At the invitation of director Mykola Sadovskyi, Kurbas first moved to Kyiv, where he founded the “Young Theater” and “Berezil”. Then – to Kharkiv. Shevchenko’s “Haidamaks”, Shakespeare’s “Macbeth”, Moliere’s “Monsieur de Pourceaugnac”, Mykytenko’s “Dictatorship”, Kulish’s “Mina Mazaylo”, “People’s Malachy” and “Maklena Grasa” – this is not a complete list of plays staged by Kurbas. He sought to Europeanize the Ukrainian theatre, to combine national traditions with the latest forms of the European stage.
On the eve of the premiere of Maklena Grasa, which took place at the end of September 1933, Kurbas was invited by the second secretary of the Central Committee of the CP(b)U Pavlo Postyshev. He said he considered him “today the only director in the country capable of creating a theater worthy of the era,” and demanded a complete reorientation and change of beliefs.
“I’m an old soldier of the scene, it’s too late for me to change my beliefs,” answered Kurbas. “It’s a pity,” said Postyshev, “I feel sorry for you.” The fate of the artist was determined.
On October 5, the director was removed from the management of Berezil. He went to Moscow and got a job at the state Jewish theatre, trying to demonstrate the groundlessness of accusations of Ukrainian nationalism. It did not save.
On December 26, 1933, Les Kurbas was arrested on charges of participation in the counter-revolutionary terrorist Ukrainian military organization, which was allegedly preparing an assassination attempt on Pavel Postyshev. After two and a half months of interrogation, the director was broken, so he confessed to “belonging to a counter-revolutionary organization.”

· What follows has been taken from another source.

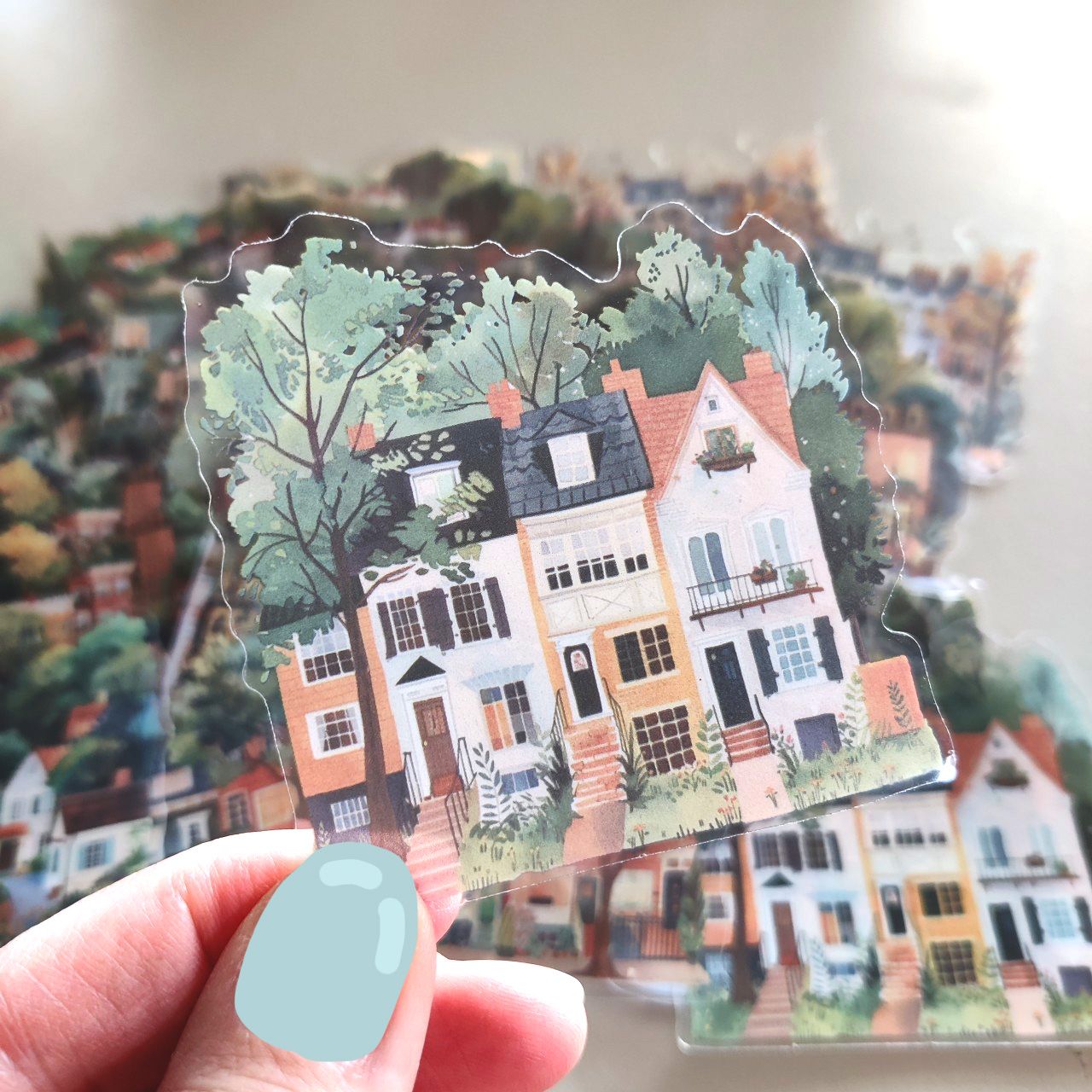 20 db külvárosi matrica gyűjtemény, egy-egy utcarészlet kétszer található meg a csomagban

“A sincere confession” was taken into account: on April 9, 1934, the director was sentenced to 5 years in the camps. It was a fairly mild sentence for those times, because 47-year-old Kurbas had a chance to be released. However, the communist regime had no such intention.
In prison, Les Kurbas continued to engage in theatre. His troupe consisted of arrestees, among whom were educated, intelligent people, mainly professional actors or musicians, who until recently played in theatres and suddenly became “enemies of the people.”

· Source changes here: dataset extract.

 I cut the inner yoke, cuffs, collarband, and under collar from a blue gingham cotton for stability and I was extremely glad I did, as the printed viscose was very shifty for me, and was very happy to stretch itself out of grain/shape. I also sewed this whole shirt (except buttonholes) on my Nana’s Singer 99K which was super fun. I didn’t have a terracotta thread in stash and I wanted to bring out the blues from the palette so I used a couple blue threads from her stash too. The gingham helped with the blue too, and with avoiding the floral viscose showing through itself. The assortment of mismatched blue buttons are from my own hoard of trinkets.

Kurbas’s assistant in the Tsekhansky camp theatre, whose memories were recorded by Les Taniuk, recalled: “We believed that working with Kurbas was the same as graduating from a theatre institute. He was a born pedagogue, an educator: just from the first day, you could say, all talented people loved him. Even experienced actors were impressed by his art – both the director’s performance, the skill of interpreting the play, and, most importantly, the ability to reveal new, unknown things in the actor… I remember that Kurbas burst into tears when he first appeared on the stage: “God ! Theatre!”. As for him it was the highest holiness.”
Tsekhansky adds that everyone hoped, Kurbas would be released early – “he was already too well-known, the whole country knew him!”. He didn’t come out. On November 3, 1937, he was shot in the Sandarmokh tract along with other representatives of the Shot Renaissance, including Mykola Kulish, Valerian Pidmohylnyi, Mykola Zerov, Valerian Polishchuk, Hryhoriy Epik, Marko Voronyi, Mykhailo Yalovy.
Kulish and his friend and colleague from the “Berezil” theatre ended up next to each other – they were on the firing list under the neighbouring numbers 177 and 178. Therefore, a legend appeared, as if they were killed with a single bullet, placing them next to each other.
Five years after her husband’s death, his wife, Valentina Chistyakova, did not know she had become a widow. The death certificate she received, reported that Les Kurbas “died on November 15, 1942 from a brain hemorrhage.” It was another “truth” of the regime.